To do:
What you return should be the complete data below, word for word, with no pictures in it.

Given information:
+++++

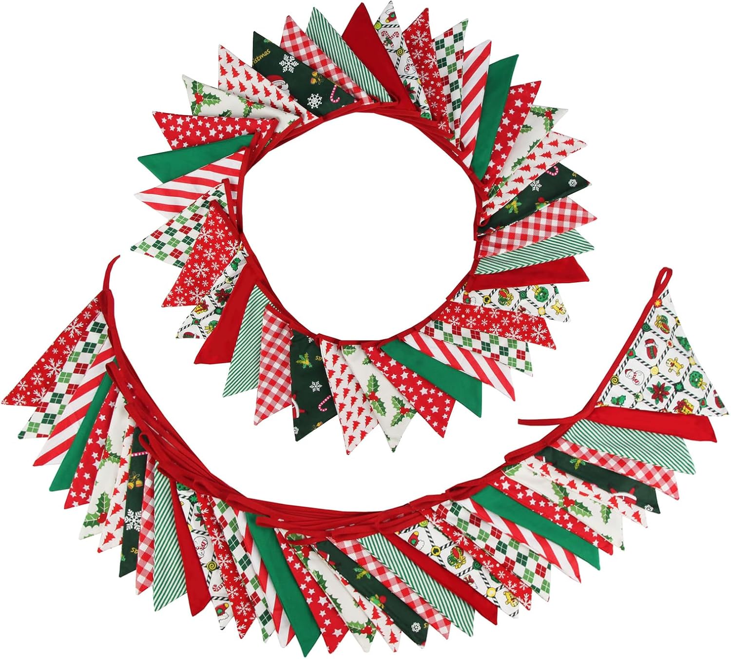 🎄【Package Contains】1pack 10M/32ft red green christmas fabric pennant banner triangle flag bunting with 36 flags. Size of each flag: 15.5cm x 15.5cm/6.1in x 6.1in(Length x Width).🎅【Unique Design & High Quality】These red green white christmas pennant banner fabric triangle flag garland bunting are made of high quality cotton with patterns in classic xmas elements. The christmas fabric pennant banner bunting with neatly cut, sewn in double-layer, which is durable and reusable, make your christmas party decoration more colorful and enhance the xmas atmosphere.
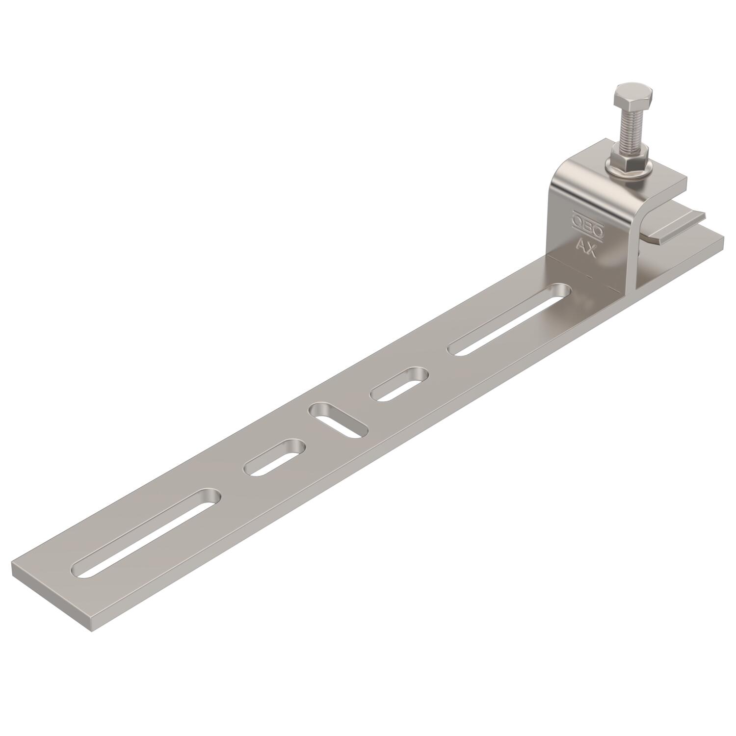 ProductbeschrijvingBefestigungsklemmstück zur Montage von leichten Bauteilen an waagerechten Stahlträgern. Geeignet z. B. für Gitterrinnen und Kabelrinnen bis 300 mm Breite oder Schellen. Der Verlauf des am Befestigungsklemmstück angebrachten Kabeltragsystems ist waagerecht.
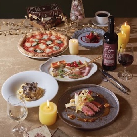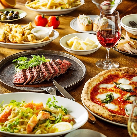 前菜・サラダ・フリット・温菜・ピッツァ・パスタ・牛ステーキ・ドルチェに飲み放題が付いた贅沢なコース。満足すること間違いなし♪+¥500/1人でトリュフのピッツァに変更出来ます。

+++++

The completed task:
 🎄【Package Contains】1pack 10M/32ft red green christmas fabric pennant banner triangle flag bunting with 36 flags. Size of each flag: 15.5cm x 15.5cm/6.1in x 6.1in(Length x Width).🎅【Unique Design & High Quality】These red green white christmas pennant banner fabric triangle flag garland bunting are made of high quality cotton with patterns in classic xmas elements. The christmas fabric pennant banner bunting with neatly cut, sewn in double-layer, which is durable and reusable, make your christmas party decoration more colorful and enhance the xmas atmosphere.
 ProductbeschrijvingBefestigungsklemmstück zur Montage von leichten Bauteilen an waagerechten Stahlträgern. Geeignet z. B. für Gitterrinnen und Kabelrinnen bis 300 mm Breite oder Schellen. Der Verlauf des am Befestigungsklemmstück angebrachten Kabeltragsystems ist waagerecht.
 前菜・サラダ・フリット・温菜・ピッツァ・パスタ・牛ステーキ・ドルチェに飲み放題が付いた贅沢なコース。満足すること間違いなし♪+¥500/1人でトリュフのピッツァに変更出来ます。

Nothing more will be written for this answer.